As we enter a pronounced era of uncertainty, decisions related to investments, strategies, markets, and the likes have intensified. Many of you know the feeling. When you are faced with a major decision, be it personal or business in nature, you want all the information you can get. You are looking to make an informed decision. With such a high degree of uncertainty in today’s business climate, the temperature on major decisions has gone up a few degrees.
Oftentimes, I find myself reminding executives that gathering insights is just one leg of a three-legged stool associated with buyer insights. A second leg, even more challenging, is the art and science of interpreting insights. The ability to distill insights into meaningful strategies and interactions with buyers and customers is what most leaders and organizations find challenging.
A case in point. In a recent coaching conversation, I talked with an executive who invested a substantial amount in buyer personas. She lamented that she did not feel she got any new insights to help her. After we reviewed what she received from a third party, she boiled it down to feeling she received a rehash of information they already knew and was easy to get.

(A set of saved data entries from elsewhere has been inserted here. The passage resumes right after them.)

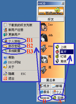 1、在線狀態(tài)設置:點按主窗口右下角(圖3的A處)后,可選擇"上線/離開/忙碌/離線"四種在線狀態(tài)之一;
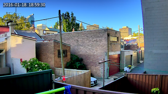 Motion blur is at good levels, the image stream is relatively clean at default settings – there’s a small amount of latency – around 350th of a second in my estimation. At 6.57pm it’s 2600 lux and the scene acuity is still improving. There’s a little rendering swim here and there and some signs of digital smoothing but overall quality is high. The image goes on improving for the next 15 minutes or so and once the sun is lost from the canyon of the lane, the image darkens a little but remains notably brighter when compared to other 1080p cameras in this application.
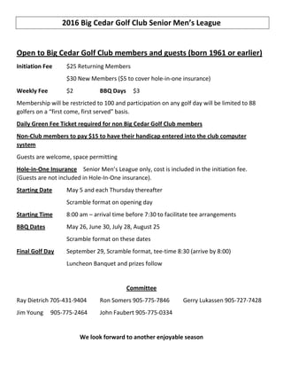 The 2016 Big Cedar Golf Club Senior Men's League is open to members and guests born in 1961 or earlier. The initiation fee is $25 for returning members and $30 for new members, which includes $5 for hole-in-one insurance. The weekly fee is $2 and BBQ days are $3. Membership is limited to 100 golfers per day on a first come, first served basis. Non-members pay $15 to have their handicap entered. Guests are welcome if space allows. The league starts on May 5 and runs each Thursday with a scramble format on opening day and four BBQ dates. It concludes on September 29 with a scramble, luncheon, and prizes.
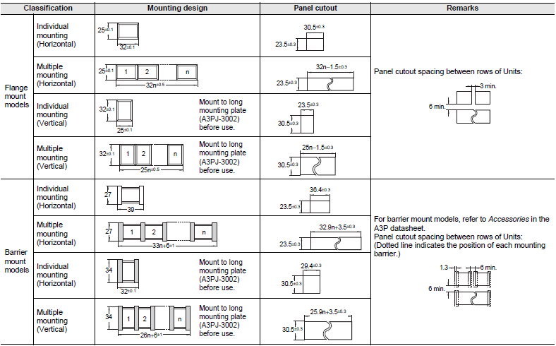 (If you use a Switch Guard or Seal Cover, refer to Switch and Guard Mounting Dimensions or Seal Cover Mounting Dimensions in the A3P datasheet.)
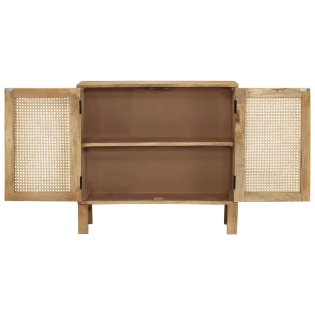Trden mangov les je tropski trdi les. Je dovolj močan za prenašanje teže, pa tudi odporen na obrabo in uporabo. Izvrstna ročna izdelava in čudoviti vzorci lesa zagotavljajo, da je vsaka stranska omarica malo drugačna od drugih. Lesena omarica ima veliko prostora za shranjevanje, zato boste lahko razstavili ali shranili različne predmete, ki jih želite organizirati.
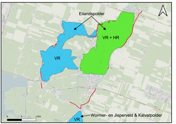 De dijken van de dijkring Eilandspolder die niet voldoen aan de wettelijke waterveiligheidseisen zijn weergegeven in figuur 7. Het projectgebied bestaat uit afwisselend stedelijke gebieden (m.n. West-Grafdijk; Driehuizen; Grootschermer; Schermerhorn en De Rijp) en landelijke gebieden.
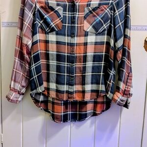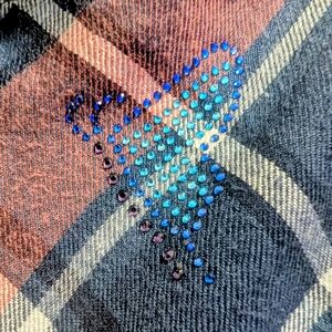 Upcycle flannel shirt. Medium adult size. Bleach dip. Butterfly bling on both front pockets, right sleeve and back. Variety of colors, very soft flannel. 17" Pit to Pit.
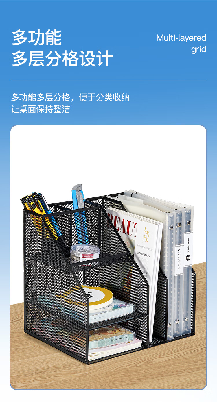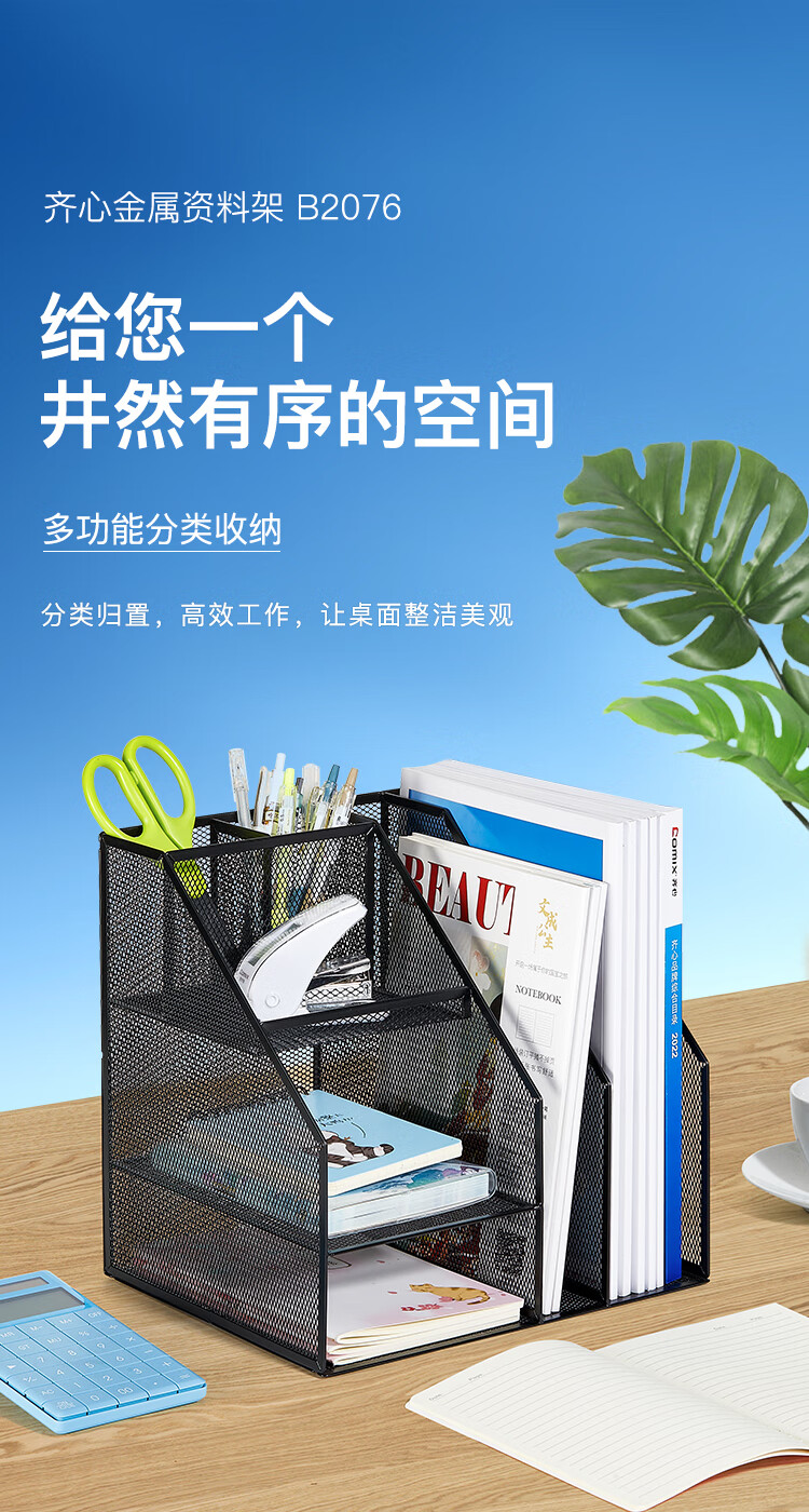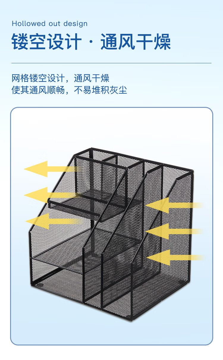 齊心(Comix)多功能7格金屬筆筒 黑色B2076

In this worst-case scenario, she not only did not get any meaningful insights but she also was left with nothing to interpret. Nothing to help her to make informed major decisions she was faced with. She was left with a one-legged stool and a broken leg at that.

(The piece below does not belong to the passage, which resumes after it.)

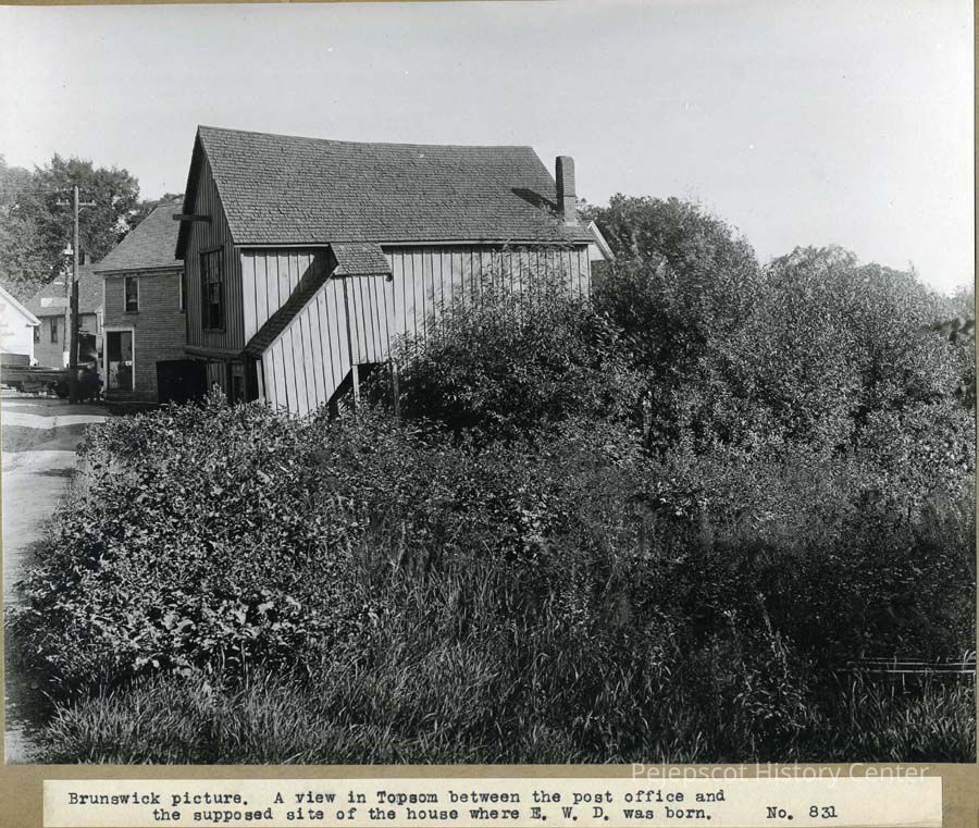 A black and white photo of the Topsham post office. A note at the bottom says, "A view in Topsham between the post office and the supposed site of the house where E.W.D. was born." Undated
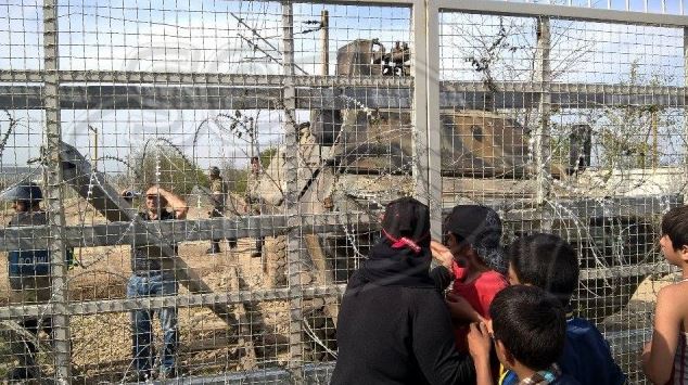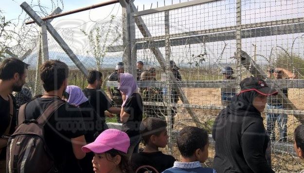Πρόσφυγες από τον καταυλισμό της Ειδομένης έχουν συγκεντρωθεί μπροστά από τον σιδερένιο φράχτη στα σύνορα Ελλάδας – Σκοπιών και διαμαρτύρονται ζητώντας να ανοίξουν τα σύνορα. Ανάμεσα τους βρίσκονται και πολλά μικρά παιδιά.

The third leg is that of the buyer persona itself. There is usually a refrain when the shortcomings are obvious that goes something like – “our buyer personas are not actionable.” When I hear this and ultimately review the buyer personas, I find the lack of insights to be significant. Buyer personas are a medium to communicate insights. To get the enterprise clicking in unison on best serving its buyers and customers.

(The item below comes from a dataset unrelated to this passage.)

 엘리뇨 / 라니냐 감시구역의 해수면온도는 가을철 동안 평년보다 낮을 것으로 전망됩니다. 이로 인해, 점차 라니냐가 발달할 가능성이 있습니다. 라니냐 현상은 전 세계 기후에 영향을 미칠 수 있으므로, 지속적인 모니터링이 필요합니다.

The point here is that essential to buyer insights, then, is the important matter of interpretation. Business leadership requires such skills to solve pressing problems and help achieve growth. This is such a critical point regarding the importance of buyer insights research and buyer personas.
Let us recap the three-legged stool analogy briefly:
Leg 1 – Gather buyer insights
Leg 2 – Interpret buyer insights
Leg 3 – Communicate buyer insights (via buyer personas)
The second leg, the matter of interpretation, is the key to making buyer insights and buyer personas actionable. This leadership skill is what will separate companies that can or cannot connect with their buyers and customers.
If leaders in business operations, marketing, and sales do not develop the acumen to interpret buyer insights, they will be left holding up a broken three-legged stool with two legs missing.